Thanks to this choice of coding for excitation, the quality of the coding by AMR WB+ is satisfactory for audio signals consisting of mixtures of speech with background noise or speech with background music, and therefore typically for signals where speech dominates in energy. Indeed, for these signals, the envelope transmitted in LPC form is a relevant parameter since the signal is mainly composed of speech that is well described thanks to an LPC envelope of a given order. The envelope actually describes the formants (associated with the resonant frequencies of the vocal tract) as a function of the number of selected coefficients.

However, for signals with a low speech signal component—or even for signals not composed mainly of voice—the estimated LPC envelope transmitted to the coder is no longer sufficient. The audio signal is then often too complex to be limited, for example, to five formants and its evolution over time means that a fixed number of coefficients is not suitable.

Thus, for coding a complex sound, due to the limitation in coding the envelope, the coding effort is transferred to coding the excitation and the coder then loses its effectiveness.

One solution would consist in adapting the number of LPC coefficients transmitted over time, for the portions of the audio signal that require high accuracy for the envelope. This approach is, however, not viable since, in a low bitrate coding system, more accurate coding on the envelope would take away from the bitrate available for coding the excitation, and the quality would then not be improved as much.

Another solution would consist in performing a linear prediction with a ‘backward’ analysis such that the estimation of the LPC envelope no longer applies to the signal to be coded but to the previously decoded signal, it being possible for this ‘preceding’ signal to be identically available to the coder and the decoder. A saving can then be made on the transmission of the LPC envelope since it is possible to reconstruct it without information to the decoder, this saving being more useful in modeling the excitation for example. With regard to the coding of musical sounds, this linear prediction with ‘backward’ analysis can potentially be used to increase the number of filter coefficients modeling the envelope. Typically, an order of 50 can be used for fully modeling a musical signal and enable easy coding of the residual excitation signal.

On the other hand, the use of past information does not allow the changes in the audio signal to be anticipated since using a backward predictor is relevant for a stationary signal but the spectrum at a given frame is only accurately modeled and may be used for a following frame if the statistical and notably the spectral properties of the signal remain stable. Otherwise, the estimated LPC filter is not relevant for the frame considered and the residual signal then remains difficult to encode. The backward predictor therefore loses all its attraction.

A solution recommended in the prior art is therefore to use switching between a ‘forward’ prediction filter, calculated on the current frame, and a backward prediction filter, calculated on the previously received signal. The encoder analyzes the signal and decides whether the signal is stationary or not. If the signal is stationary, the backward filter is used. Otherwise, a forward filter with few coefficients is transmitted to the decoder. Such an embodiment can be used for accurate control over the quality of the residual signal to be encoded. It is implemented in ITU-T standard G.729-E, in which a decision on the stationarity of the signal results in a ‘backward’ estimated filter with 30 coefficients, or a ‘forward’ estimated filter with 10 coefficients.

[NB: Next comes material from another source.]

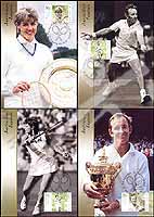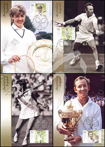 传奇人物系列(7)—网球明星Margaret Count和Rod Laver,奖杯和赛场风采摄影极限片4全(盖网球和球拍戳)(我社已售缺)
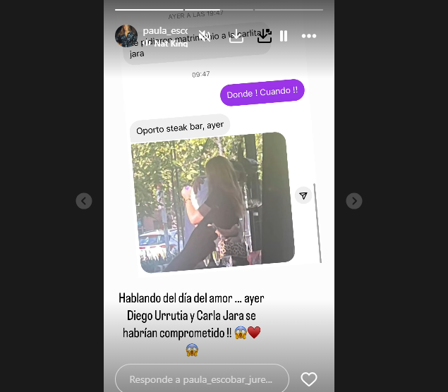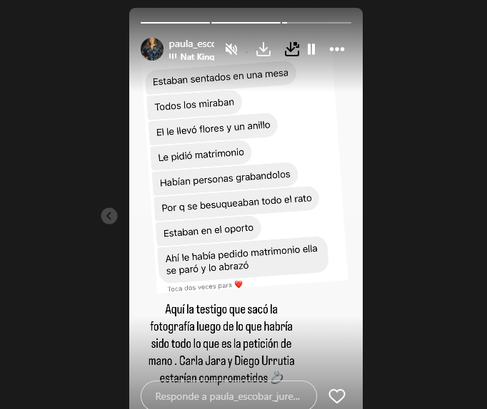 En otra historia, la mujer le dice a Paula que ”ellos (Carla Jara y Diego Urrutia) estaban sentados en una mesa, todos los miraban. Él le llevó flores y un anillo, le pidió matrimonio”.

The drawback of this technique lies mainly in combining these two estimation techniques. A discontinuous choice must be made, depending on the stationarity of the signal. In the case of a ‘slight’ non-stationarity like the appearance of an instrument in a musical ensemble, this new event should be considered in the signal and therefore a new forward filter should be sent. However, it may nevertheless be considered that the signal is sufficiently stable for the backward filter to be appropriate. Faced with such a dilemma situation, the coding system tends to often change configuration over time, in a relatively unpredictable way, causing distortion. Indeed, changing processing too often over time is not effective and the solution adopted is not necessarily the best.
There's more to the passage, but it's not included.